Sex doesn't need to be anymore terrifying for a guy, on top of the fear of getting a girl pregnant, or performance issues, or whether he'll mess up.
It's shit, but sexual fear is everywhere in society. Think rape accusations are scary? Rape itself is scarier. For women in the casual dating scene (and pretty much everywhere else), it's also a real and worrying threat. I agree, sexual fears are not healthy for people to be constantly worrying about, but as it stands they're out there for everybody. I'm not saying this to devalue what you've said, because what you've said is important, but rather I want to add on that with how society handles sex, the whole thing is pretty damn scary for everybody.
But
this is why consent is so important. This is why you should make sure you get a 'Yes', 'Oh god yes' or 'MORE! YES! FUCKING HELL, YES!' every time you have sex. With a long term partner, trust and experience can let this be as simple as a body signal. Worried about sleeping with somebody who will abuse your trust? Make sure you have their consent, make sure they're comfortable and that they're sane before you even undo your belt. If you don't feel safe having sex with this person, then you can say no as well, your consent is just as important. Every worry you listed above is real and important, and if you're having any of them before sex, you should think about whether you really consent to sex with this person. It's not just about your partner's comfort! Protect yourself; If your partner isn't horny, happy and as ready as you are (Or if you're not as rarin' to go as them!) don't press on regardless, because there is a lot to worry about with sex, and consent and understanding are the only real defenses. I say all this in general, rather than directed at you Canadish, as I have no idea about your sex life and I wandered off topic a bit. I'd hope it was good advice for everyone regardless.

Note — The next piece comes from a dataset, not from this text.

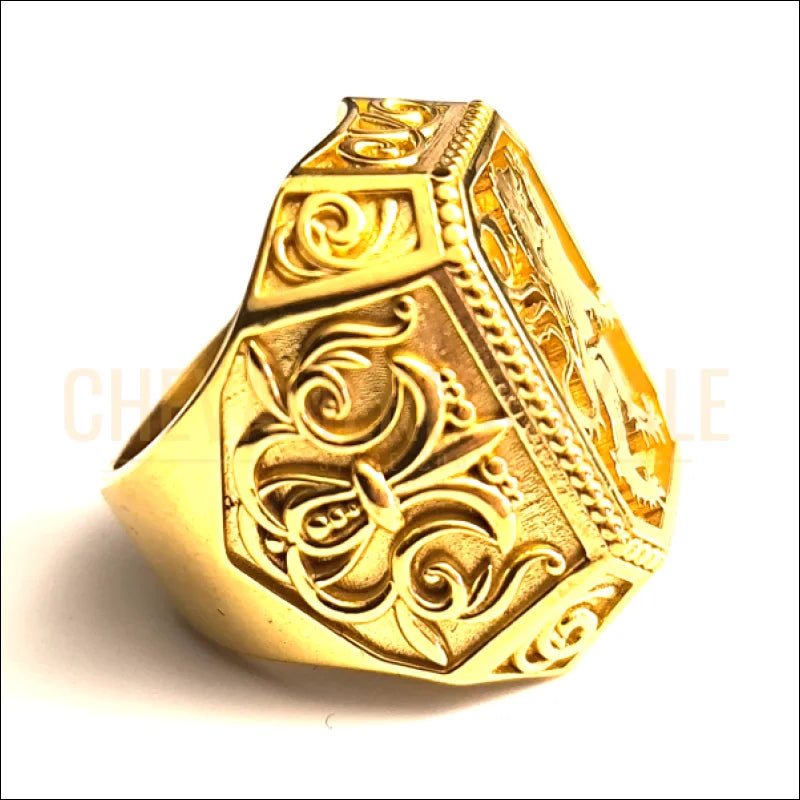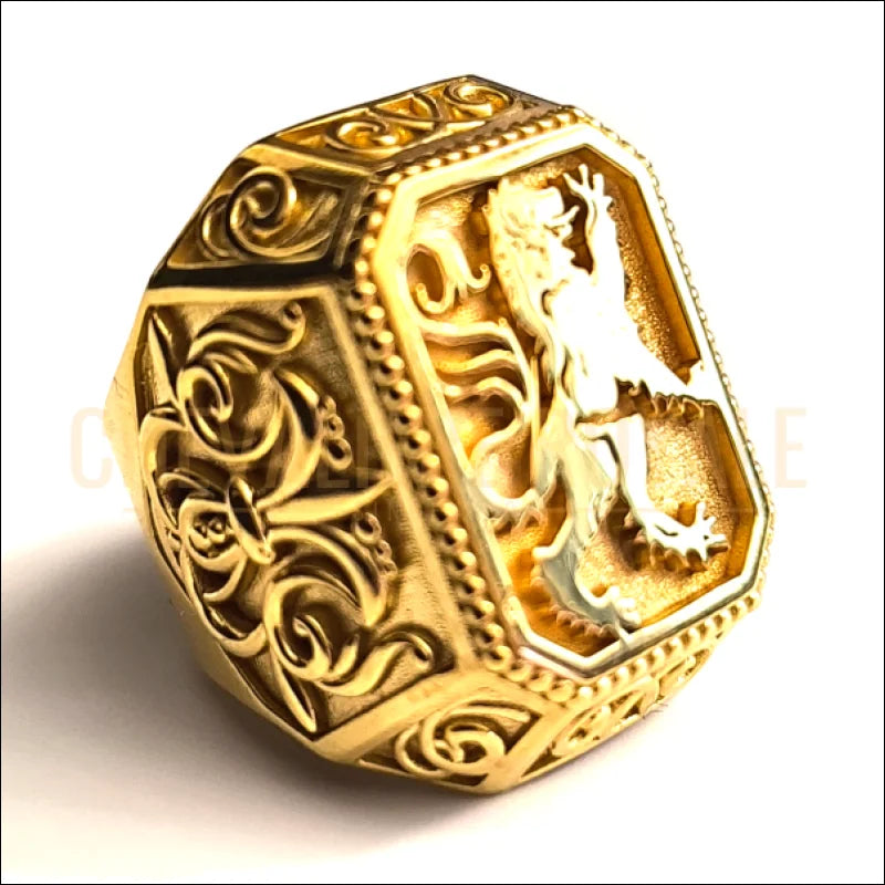 bague chevalier homme lion en or plaqué 18k
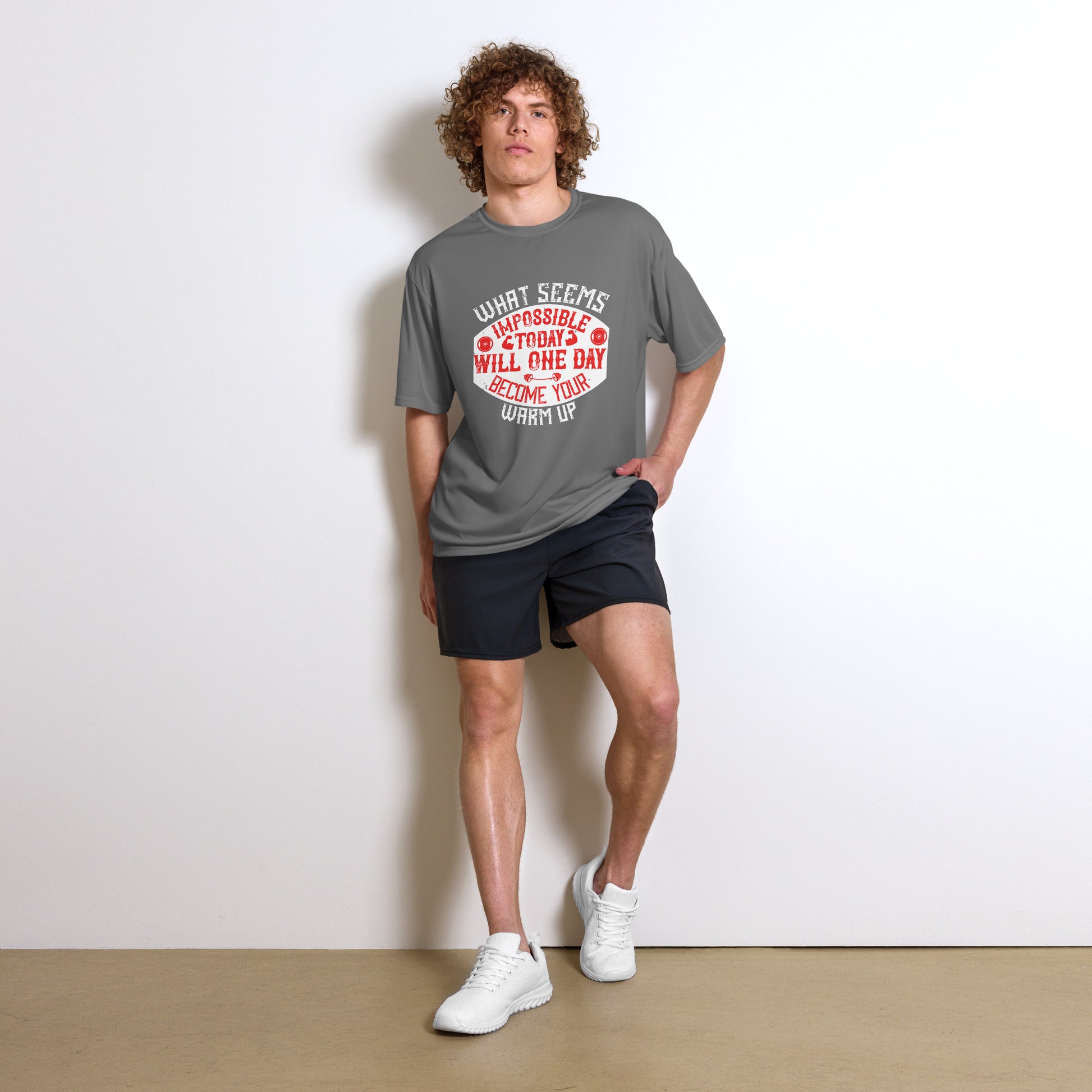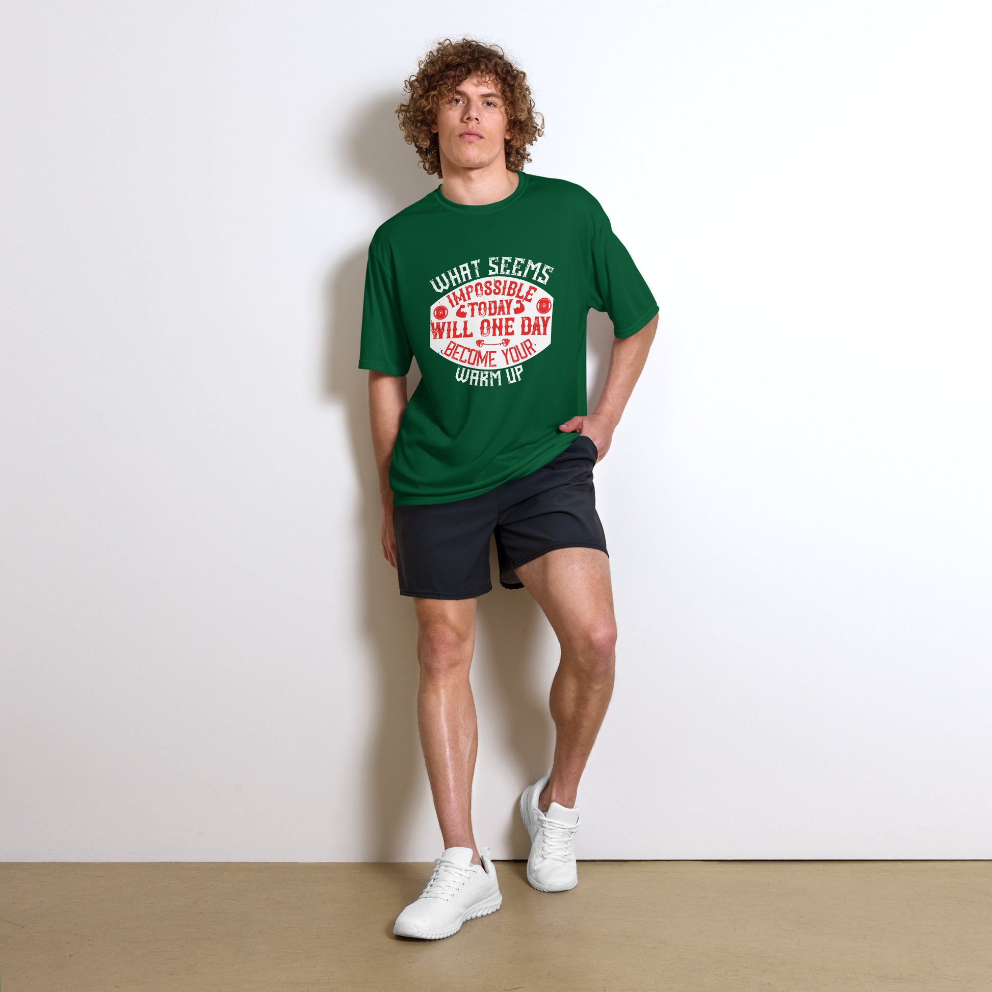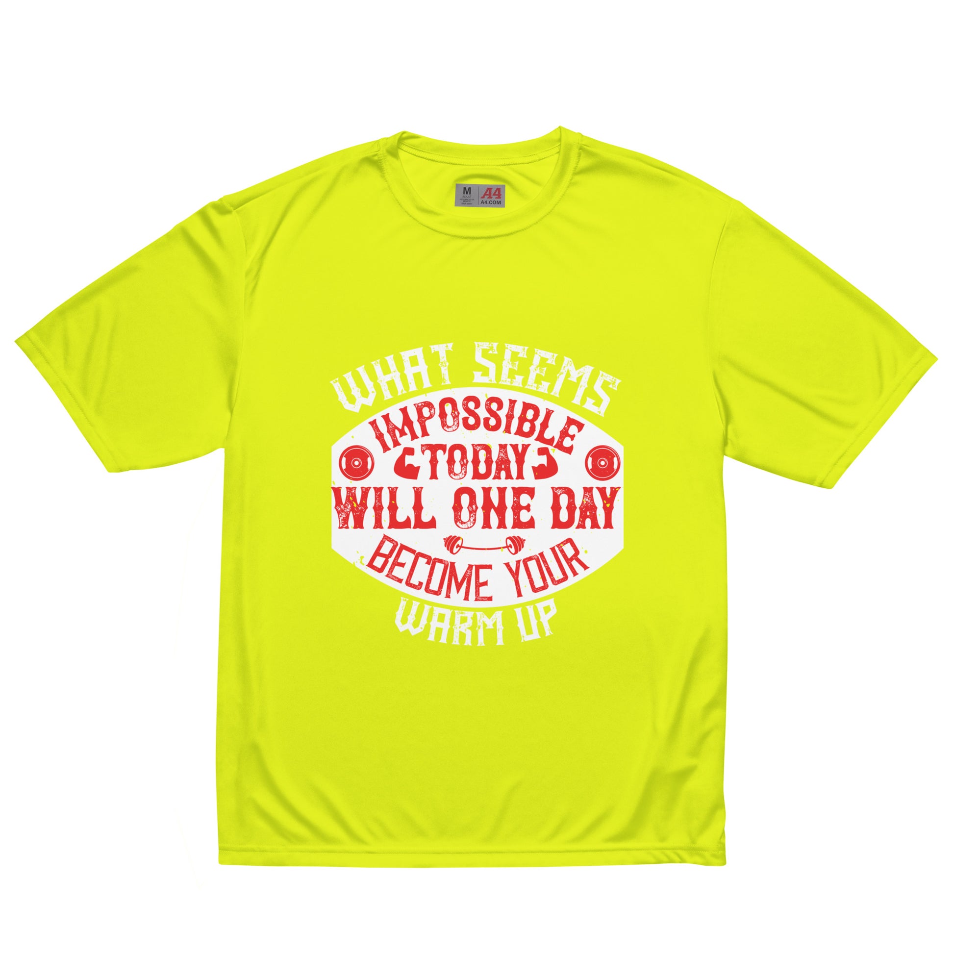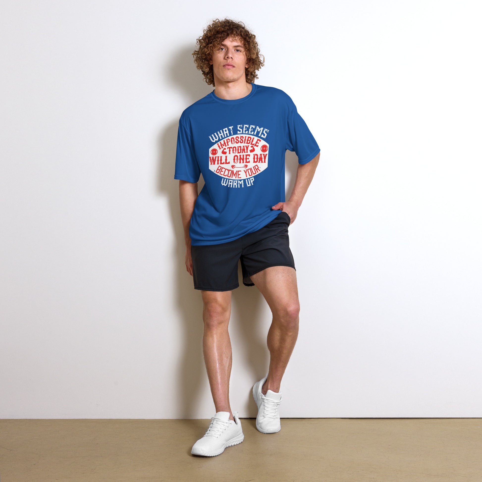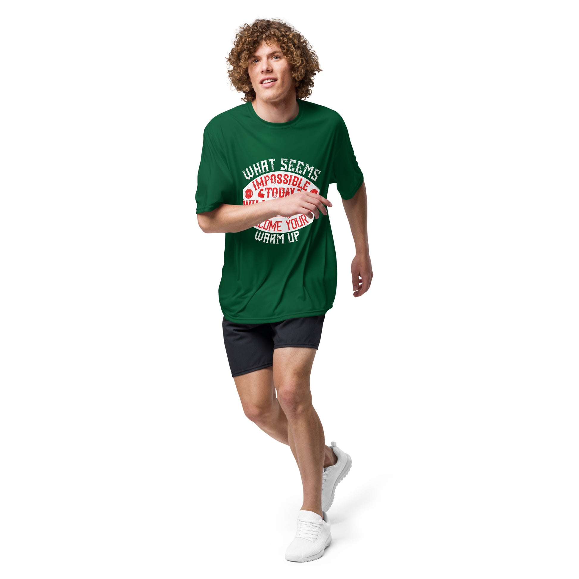Throw on our "Warm-Up Wisdom" Performance T-Shirt, and get fired up for the transformation that awaits! This isn't just a hoodie; it's a banner of progress, boldly proclaiming, "What seems impossible today will one day become your warm-up." Wrapped in the fiery red of passion and the resilience of a warrior, this statement circles you with the energy of a thousand workouts. It's designed for those who see each day not as an obstacle but as an opportunity, for the dreamers who dare to warm up with weights that others only dream of lifting. As comfortable as the confidence you'll feel when you crush your goals, this hoodie is for the relentless, the unstoppable, the ones who know that every impossible is just an 'I'm possible' in disguise. Stay cool, dry, and confident even during the most intense activities in this unisex performance crew neck t-shirt. Made from premium, moisture-wicking fabric with odor resistance, stain release, and UV protection, this shirt’s perfect for going to the gym, playing sports, hiking, or any other activity.

Let's face it, do you really want to have sex with somebody reluctant? That's shitty sex right there. In the name of awesome fucking and sexual safety, make sure to get that loud, clear Yes. Consent should be something we strive for, because true consent is the best defense against most of what we fear from sex. Consent isn't something you should try to get so you can prove your innocence in a courtroom, consent is something you should make damn sure you have so you never worry about ending up in one.
Also, happy sex is best sex.
TL;DR - It doesn't matter if her 'not saying no' means yes or not if your standard for good, safe, awesome sex is a loud and clear 'YES!, however that may be communicated (and if you don't know this person well, ask and make sure no matter what!). It's safer, it's funner-er! It's sexier! Seriously, what's not to love? Unsure sex is shitty, anyway.